▶ [PROVIDED DATA]:
__________________________________________________
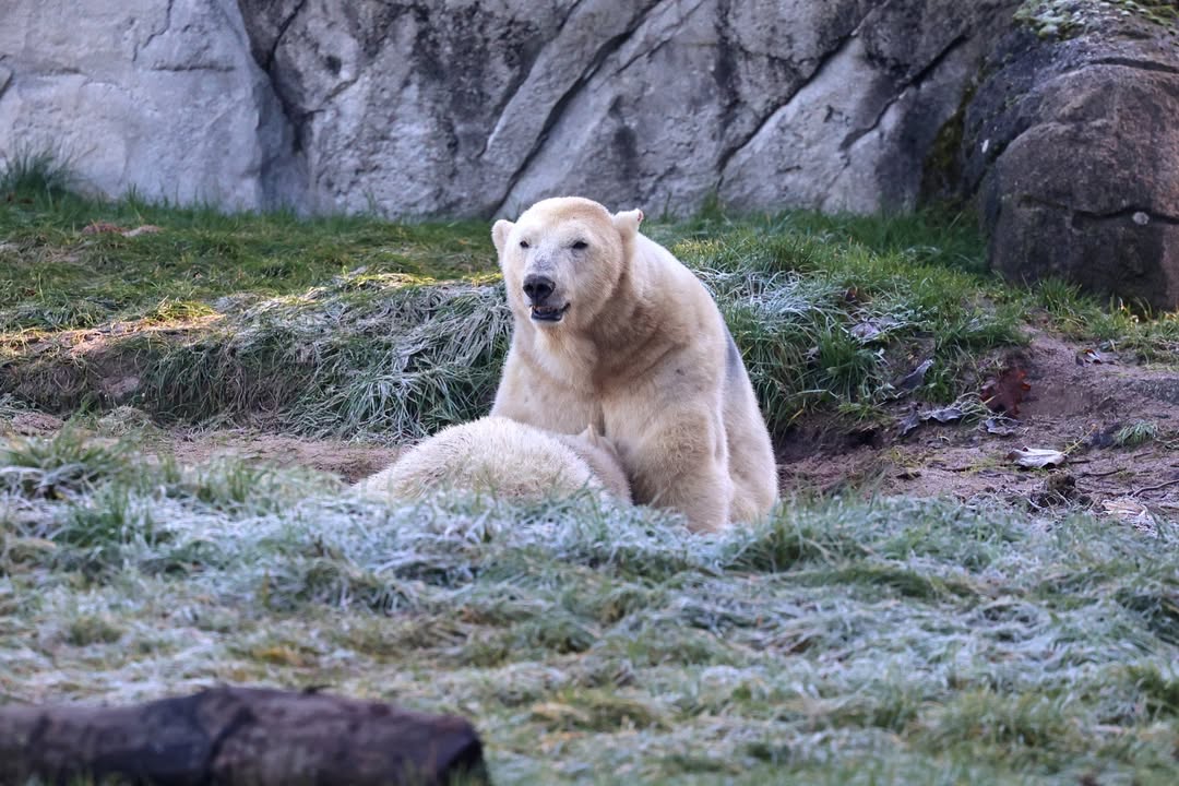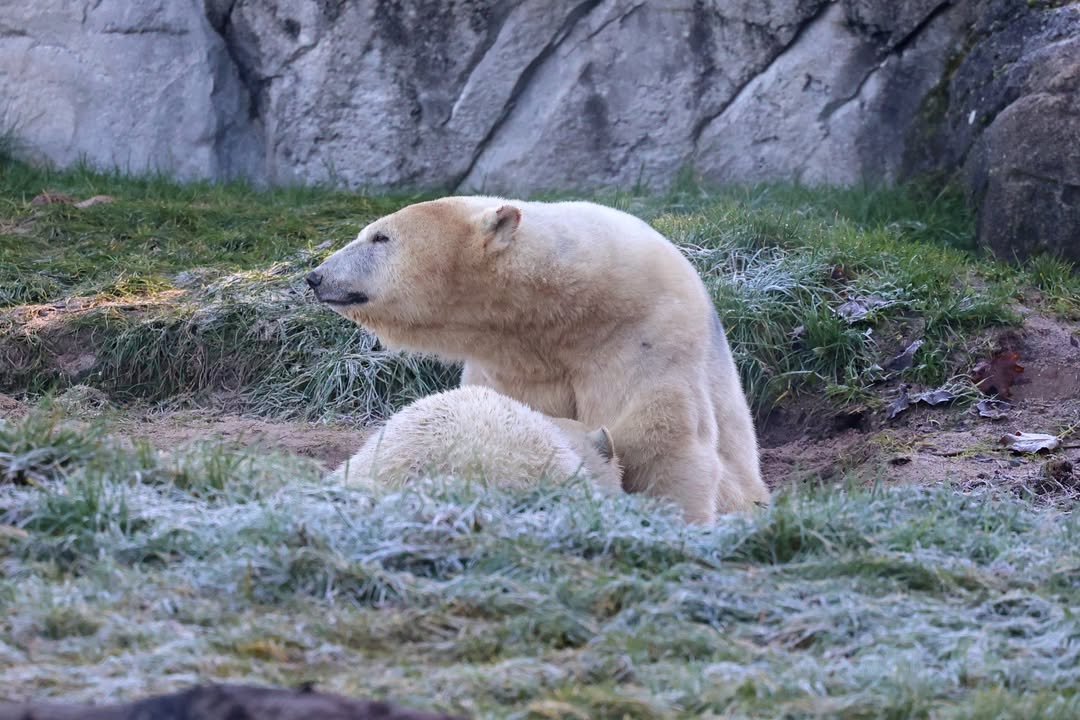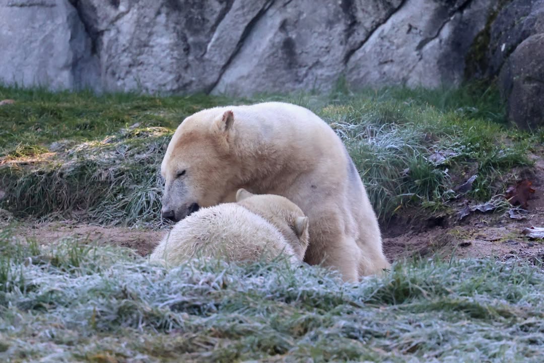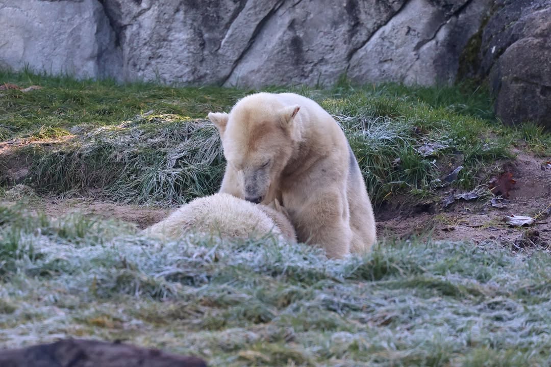 Obwohl Eisbär MiKa bereits ein Jahr alt ist, wird er regelmäßig von Muttertier Nuka gesäugt. Die Bilder sind auf dem oberen Naturteil der Anlage entstanden. Eisbären säugen ihre Jungtiere bis zu zweieinhalb Jahre, gelegentlich verlassen die Jungbären ihre Mutter je nach Nahrungsangebot aber auch schon nach anderthalb Jahren. Parallel zur Muttermilch nehmen die Kleinen ab einem Alter von vier Monaten bereits feste Nahrung zu sich.
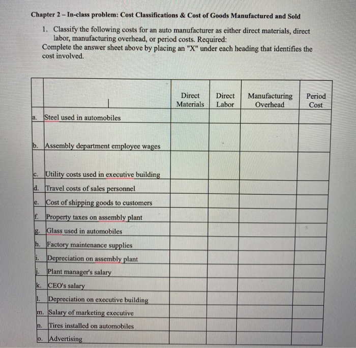 Solved Chapter 2 - In-class problem: Cost Classifications & | Chegg.com
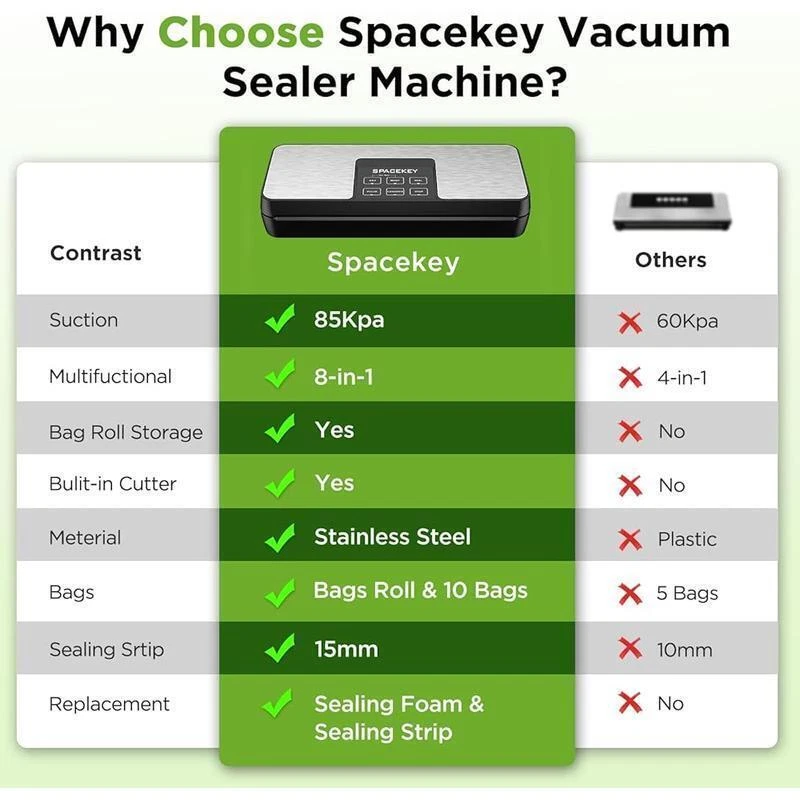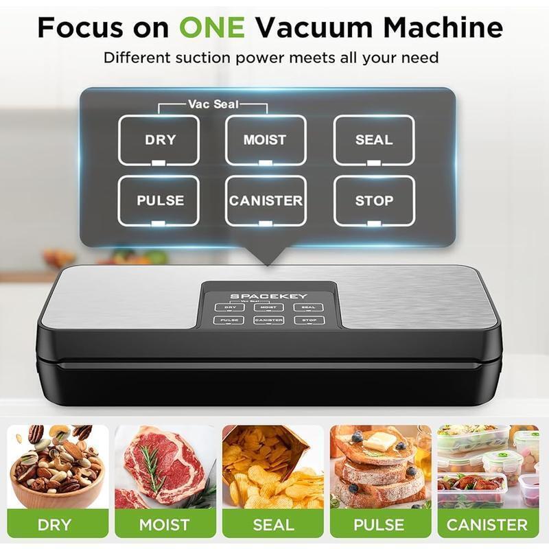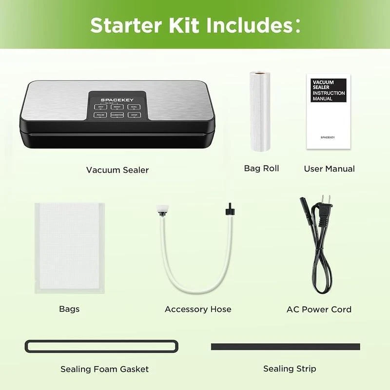 8-Pcs 17Qt Snap Top Clear Plastic Storage Tote Container Organizer Bin Box Gray 31.21 USD Free shipping 4 Tier Fabric 16 Pairs Shoe Organizer 16 Compartment Shoe Racks Storage Shelves 32.46 USD Free shipping Wide 3 Drawer Cross-Weave Tower Cement DRESSER CHEST CABINET for Living Room NEW 33.63 USD Free shipping 13.2 Gallon Trash Can Plastic Motion Sensor Kitchen Trash Can Garbage Can Home 42.0 USD Free shipping 16 QT Laguna Hard Sided Ice Chest Roller Cooler for Picnic Beach Camping Travel 34.82 USD Free shipping 12V Max Cordless Variable speed Impact Driver with 1.5Ah Battery and Charger NEW 43.65 USD Free shipping 12V Max Lithium-Ion Cordless Variable speed Impact Driver 1.5Ah Battery/Charger 43.65 USD Free shipping Rechargeable LED Headlamp Weatherproof Drop Resistant Work Light Bar Headlight 37.45 USD Free shipping Socket Set 1/4" Drive Socket &Ratchet Set 6-Point Socket &Ratchet Set 54 Pieces 34.74 USD Free shipping Grain-Free Chicken & Pea Recipe Dry Dog Food 24 lbs for Dogs of All Life Stages 43.62 USD Free shipping NEW Aquarium Fish Tank Filter for Aquariums 20-40 gallon Tanks 3-step Filtration 40.87 USD Free shipping Floodlight Max Solar Power LED Flood Light Motion Activated Solar Outdoor Light 37.42 USD Free shipping About this item Multifunctional in 1: Spacekey Vacuum Food Sealer is designed with multiple modes to provide your food with best possible preservation based on your different types of food. You can also reseal bags of rolls, chips and snacks that you only want to seal. The CANISTER function for vacuuming canisters, jars, or wine bottles 85KPA Strong Suction: Our vacuum sealer suction has increased to 85kPa. 130W full copper motor, higher-quality heating wire, making it easier and quicker to vacuum all kinds of food within 10-20 seconds Bag Roll Storge Space: The Vacuum Sealer Machine built-in bag roll storge space, fits up to 11'' width vacuum sealer bags and rolls. Compact size and lightweight design are easy to store and move around. And come with a sliding cutter, you could get a smoother customized bag by just cutting it Keep Food Fresher: Storing with the food seals keep your food fresh 10 times longer than ordinary storage methods in the freezer. Keep clean, tidy and no weird smell in the refrigerator. It is also help you to prep meals faster and more convenient, avoid waste, save your time and money Easy to Operate and Clean: Spackey sealer machine designed with stainless steel panel, LED indicator lights, electric plug in and the control center placed on the top panel provides a user-friendly for operate. Removable cover slabs and drip tray are designed to help you place the bag in the air chamber correctly and clean the vacuum sealer easily Widened Heating Strip: It's designed to widen the heating strip up to 15mm with strengthen sealing material, ensuring much more tight, durable and steady sealing effect. There is an extra heating strip replacement in the package Full Starter Kits: You will receive 1x vacuum sealer machine, 1x vacuum rolls (9. 8"x9. 8'), 10x pre-cut bags (BPA free, 7. 8"x9. 8"), 1x user manual, 1x Air suction hose, 1x AC power cord, 1x sealing gaskets, 1x Sealing strip. If you have any questions with the food sealer machine, please tell us, we will help until your problem is solved with a satisfying result › Material: Stainless Steel Color: Silver Product Dimensions: 16. 19"L x 7. 8"W x 4. 68"H Item Weight: 4. 5 Pounds You may also like Portable 50 Watts 12 Inch Oscillating Table Fan Lightweight 3-Speed for Home US 41.21 USD Free shipping 12 Gallon Trash Can Plastic Slim Lockable Step On Kitchen Trash Can Gray 32.43 USD Free shipping 25ft 10/3 30-Amp Extension Cord Weather Resistant RV and Marine Boat Power Cord 90.97 USD Free shipping Heavy-Duty Stacking Shelf Rack Home Storage Organizer Adjustable for Adult Use 28.17 USD Free shipping Step Stool Indoor/Outdoor Platform Stepping Stool with Slip-Resistant Top 440lb 25.38 USD Free shipping Multi-Surface Satin Acrylic Craft Paint Set 12 Colors 2-oz Arts Crafts Satin 31.96 USD Free shipping Leakproof Stackable Food Storage Containers 10 Piece Set Microwave Safe BPA Free 28.68 USD Free shipping Gas N Go Mower Toddler Push Toy Bubble Blowing Lawn Mower For Kids Boys Girls US 34.27 USD Free shipping 2-in-1 Stairway and Hallway Baby Safety Gate with Mounting Kit Ages 6-24 Months 43.7 USD Free shipping 3-Speed Oscillating Pedestal Fan w/Adjustable height Black for Home US New 41.02 USD Free shipping Versatile Light Duty Fence Welded Wire Rolled Wire Fencing 24in x 15ft 1x1in US 34.82 USD Free shipping 300TC Cotton Rich Percale Easy Care Adult/Teen Fitted Sheet Blue Cove King US 28.25 USD Free shipping
__________________________________________________
▶ [ASSIGNED TASK]:
Repeat only what lies between the start of the data and the end of the line containing "Solved Chapter 2", exactly, with pictures left out.

▶ [WORKED SOLUTION]:
 Obwohl Eisbär MiKa bereits ein Jahr alt ist, wird er regelmäßig von Muttertier Nuka gesäugt. Die Bilder sind auf dem oberen Naturteil der Anlage entstanden. Eisbären säugen ihre Jungtiere bis zu zweieinhalb Jahre, gelegentlich verlassen die Jungbären ihre Mutter je nach Nahrungsangebot aber auch schon nach anderthalb Jahren. Parallel zur Muttermilch nehmen die Kleinen ab einem Alter von vier Monaten bereits feste Nahrung zu sich.
 Solved Chapter 2 - In-class problem: Cost Classifications & | Chegg.com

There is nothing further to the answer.